# Guessing random numbers and numberphile

Posted in math on Thursday, May 21 2015

A recent numberphile episode had a neat idea of how to, apparently, beat the odds in guessing whether one known number is larger than an unknown random number, by adding a third random number.

Well, to back up, the game is this: you pick any two real numbers and write them down on two cards, one number per card. I get to flip a card and then decide whether or not it is larger or smaller than the other card, sight unseen. The claim is that I can do this with better than 50% success if I pick a third number at random and:

• if it is larger than the number I flipped, I guess the unknown number is larger
• if it is smaller than the number I flipped, I guess the unknown number is smaller

At the end of the video he supposes that if this was run with real people they would mostly pick numbers within some easily accessible range, he says between 10 and 50, but I'll extend it to 0 and 50 because. Now we can be clever and pick the distribution of the third number to maximize the odds of us picking a number between the two numbers, thus guaranteeing our victory.

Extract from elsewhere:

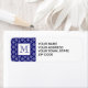Etiqueta Patrón 1 de damasco azul marino con monograma

I set this up as a simple iterator in python, using numpy as it has a convenient set of random number generators.

My person picks two real numbers, A and B, then a third number k is chosen from a normal distribution. If we win we get 1 point, if we lose we lose 1 point (or win -1 points). For comparison I also see what would happen if I flipped a coin and determined the game that way.

import numpy as np

def guessing_game(trials=100, l=0, h=50):
mean = 0.5*(l+h)
stdev = np.sqrt((1.0/12))*(h-l)
i = 0
while i<trials:
A,B = np.random.uniform(low=l,high=h, size=2)
coin_flip = np.random.randint(1)
k = np.random.normal(mean,stdev)

#flip a coin
if (coin_flip<1 and A<B) or (coin_flip>0 and A>=B):
coin = 1
else:
coin = -1

# we use our third random number as a strategy
if (A<k and A<B) or (A>=k and A>=B):
strategy = 1
else:
strategy = -1

yield (coin,strategy)
i +=1


I can run a game of 100 trials and see what happens. By plotting the cumulative score it is more obvious if our strategy pays off, even a slight advantage to one side or the other will accumulate over time and see the line race off in one direction.

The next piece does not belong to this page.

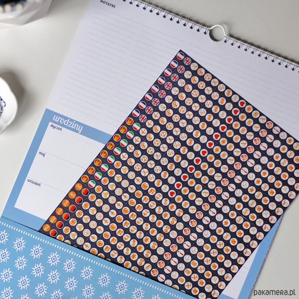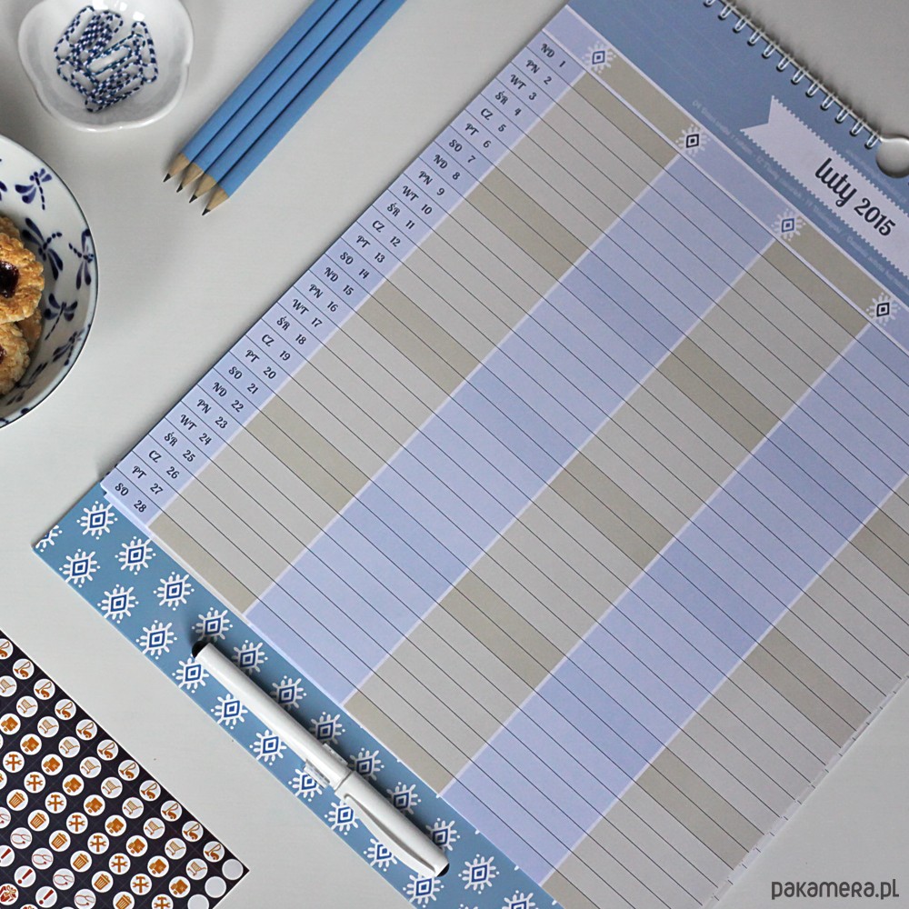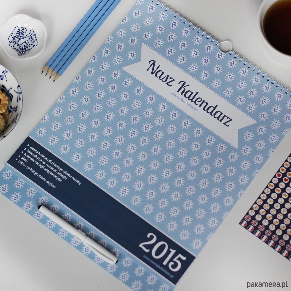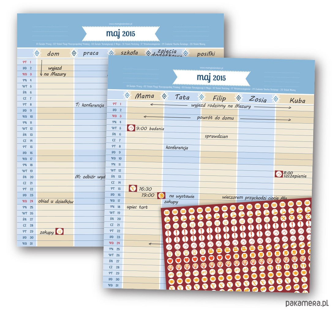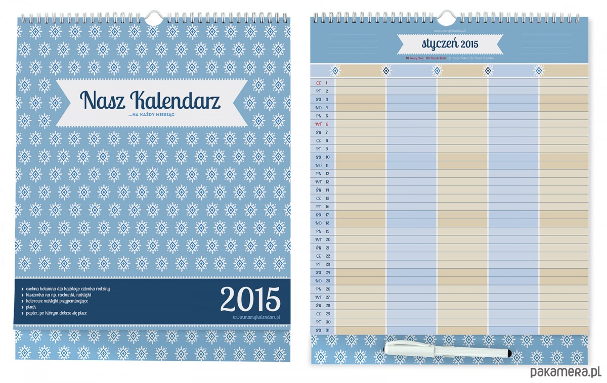 Kalendarz rodzinny, ścienny, na każdy miesiąc w 2015 roku. - osobna kolumna dla każdego członka rodziny - kieszonka na np. rachunki, naklejki - kolorowe naklejki przypominające - pisak - papier, po którym dobrze się pisze - wymiary: 30cmx34cm

Clearly there is an advantage to our strategy, it accumulates points in the long run whereas the naive coin flips strategy fluctuates around zero.

Because computers are magic math machines, I can run this 100 trial game 1000 times and see what the distribution of final scores looks like.

That the histograms resemble bell curves is not surprising. However that these bell curves peak at different final scores tells us there is a difference between our two strategies, and my result from above wasn't just a fluke.

Coin flipping appears to be centered around a score of zero, so in the long run flipping coins doesn't really pay off. On the other hand the guessing game strategy is centered around a score of 40, so in the long run this is a good idea.

Which is to say that if we know or suspect what range of values our opponent will chose from, we can tailor our random number selection and do much better than chance at guessing whether A is greater or lesser than B.